- Location: Rutherford, California, USA
- Appellation: Rutherford AVA
- Founded: 1977
- Key people: Mike Grgich, Winemaker, Proprietor/President & CEO Ivo Jeramaz, Vice President of Vineyards and Production, Violet Grgich, Co-Proprietor/VP Operations, Sales & Marketing
- Known for: Grgich Hills Chardonnay
- Varietals: Chardonnay, Zinfandel, Sauvignon blanc, Cabernet Sauvignon, Merlot
- Distribution: International
- Tasting: Open to the public
- Website: http://www.grgich.com/

= Grgich Hills Estate =

Winery in California

Grgich Hills Estate (formerly Grgich Hills Cellar) is a winery located in Rutherford, California in the heart of the Napa Valley. The winery changed its name in 2006 when it first began producing only "estate grown" wines made from grapes grown exclusively in vineyards owned by the winery. The Napa Valley Wine Train has a passenger stop located at Grgich Hills Estate. Grgich Hills' vineyards are certified organic and biodynamic and it converted to solar energy in 2006.

== History ==
The colors in an early winery sign reflects Mike Grgich's Croatian heritage.
Winemaker Mike Grgich had gained international recognition at the historic Paris Wine Tasting of 1976 when the Chardonnay he produced at Chateau Montelena won first prize among white wines.

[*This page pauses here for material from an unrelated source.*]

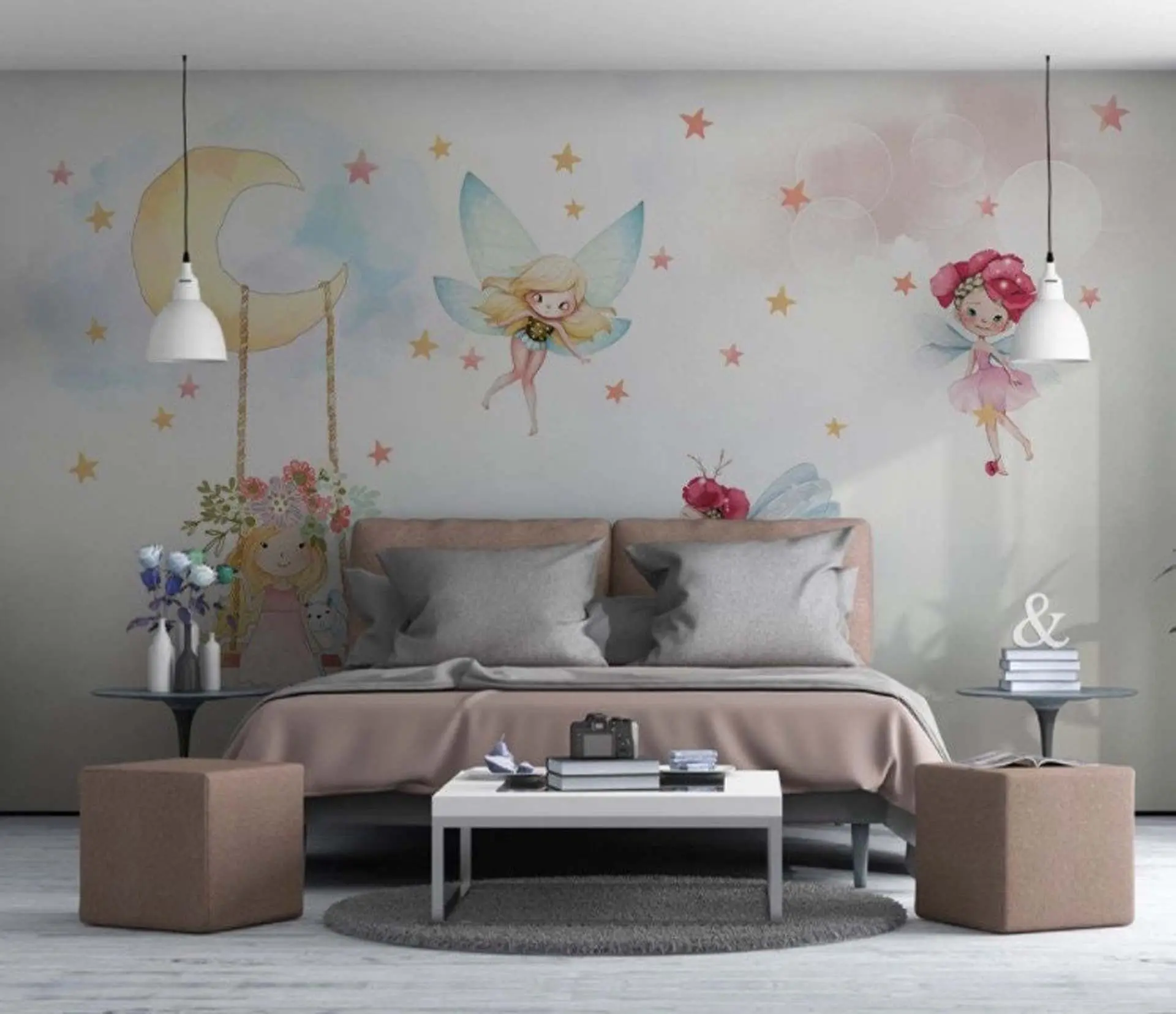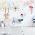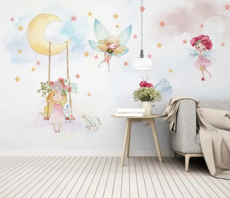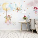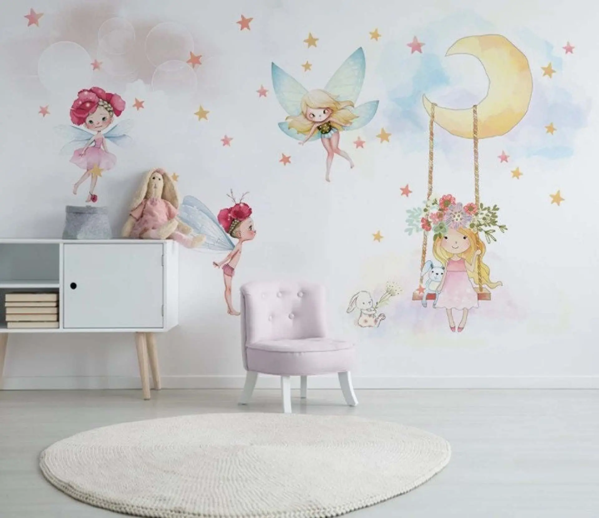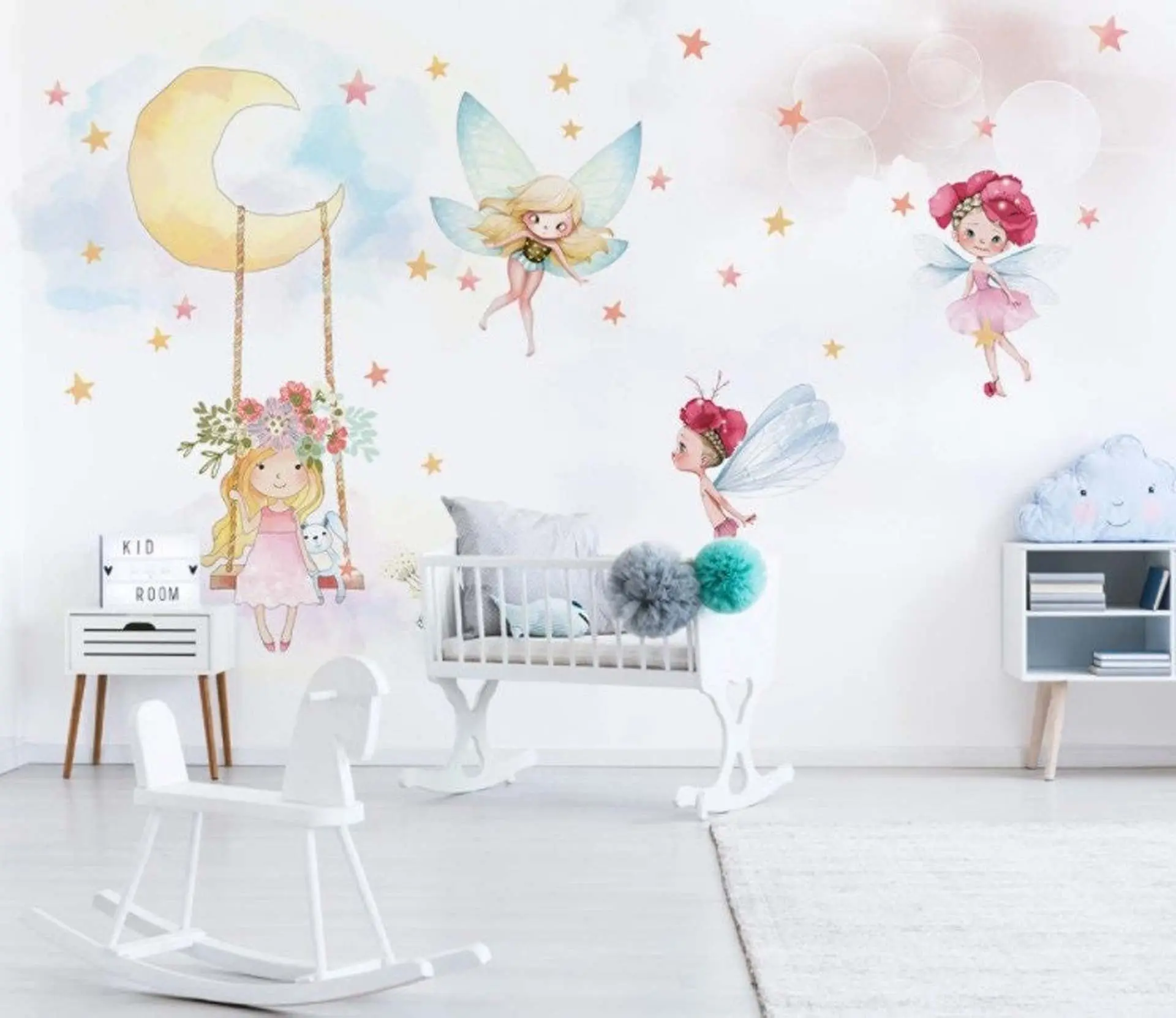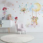 Girl on Swing Under Crescent Moon Wallpaper with Flying Fairies & Colorful Stars for Baby & Girl’s Nursery

Grgich and Austin Hills (of Hills Brothers Coffee) soon became business partners and established Grgich Hills Cellar on July 4, 1977. The name Grgich Hills does not describe a geographical feature but is instead a combination of the names of the winery's founders.

== Wines ==
The winery's very first vintage was the winner of the 221-entry Chardonnay Shootout with wines from around the world. It was conducted by Craig Goldwyn, wine critic of the Chicago Tribune in 1980. Judges were mostly wine educators from around the nation gathered for the annual convention of the Society of Wine Educators.